Becoming Billie Holiday
- Author: Carole Boston Weatherford
- Illustrator: Floyd Cooper
- Genre: Children's poetry
- Publisher: Wordsong
- Publication date: 2008
- Publication place: United States
- Media type: Print (hardcover)
- Pages: 117
- Awards: Coretta Scott King Award
- ISBN: 978-1-59078-507-2
- OCLC: 51995

= Becoming Billie Holiday =

2008 poetry book by Carole Boston Weatherford

Becoming Billie Holiday is a 2008 book of poetry for young readers by American poet and author Carole Boston Weatherford and illustrated by Floyd Cooper, originally published by Wordsong. It won an honorary Coretta Scott King Award in 2009.

== Synopsis ==
Through a series of poems, Weatherford outlines the evolution from Eleanora Fagan to renowned singer Billie Holiday. Told from Billie's own perspective, she muses on the first 25 years of her life. Most poems are titled after actual Billie Holiday songs. The book starts with poems about her young life, detailing events such as her father's abandonment, her tomboyish attitude, and her time spent in an orphanage with nuns. It continues into her adolescence with poems about her first gig singing jazz, deciding to change her name, and her many relationships with men. Weatherford's book ends with Holiday's rising fame and the tension of racism in the United States. The last poem illustrates Holiday's memorable performance at the Café Society, singing the song "Strange Fruit". At the end of the book, there are pages giving information for further reading and biographies of others mentioned in the poems.

== Background ==
In the book's afterword, Weatherford talks about her childhood listening to jazz music with her father. As a teenager, she started listening to more popular music at the time until she watched the film Lady Sings the Blues in 1972. From then on, she was listening to and collecting Holiday's music all the time. Weatherford related to much of Holiday's life: a shared hometown of Baltimore, a difficult love life, and navigating the realities of racism. Before writing the poems, the author would listen to early Billie Holiday songs for weeks. For the factual parts of the story, Weatherford referenced oral histories and Holiday's autobiography. She hoped the book would inspire readers to learn more about the singer, as well as cross over to an adult audience. Weatherford has written several other books about jazz musicians.
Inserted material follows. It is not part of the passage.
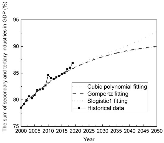 Although tertiary industry now plays a pivotal role in Yunnan’s economic makeup, its representation remains below the national mean. In comparison, well-established economic hubs like Beijing and Shanghai, or globally developed nations, register a scant primary industry contribution, often less than 1%. Meanwhile, provinces within the Yangtze River Economic Belt see their primary sectors contributing between 5 and 15% (Figure 4). Yunnan’s primary industry ranks second in the country in terms of GDP from primary industry. Given that Yunnan has abundant natural resources and is a critical area for agriculture, forestry, animal husbandry and fishery products, the proportion of primary industry cannot reach the same level as the provinces downstream of the Yangtze River. Therefore, in this paper, we consider that SLogistic1 and Gompertz function predictions are more reasonable, which means that the value-added in secondary and tertiary industries will reach 88.8% in 2035 and 90% in 2050.

Floyd Cooper created the illustrations in the book using an eraser to make subtractive shapes in paint. He also used other mediums on top that were oil based, all put on with a drybrush technique.

== Reception ==
Critics reviewed Becoming Billie Holiday very favorably. In a starred Kirkus review, they praise both Weatherford's "remarkable tribute" as well as illustrator Floyd Cooper's beautiful images. Another Kirkus reviewer was impressed with the rich writing of the poems, and felt it was a perfect tribute to such a celebrated singer. Booklist noted that Weatherford's book was "proud, and clear-toned". A starred review in the School Library Journal points out the perfect background soundtrack in the novel, praising Weatherford's choice to use song titles as poem titles. The reviewer comments on the author's way of capturing Holiday's "jazzy, candid voice so adroitly that at times the poems seem like they could have been lifted...from Holiday's autobiography..." She continues to marvel at Cooper's images that invoke real emotions paired with the words.

The book was awarded the honorary Coretta Scott King Award in 2009.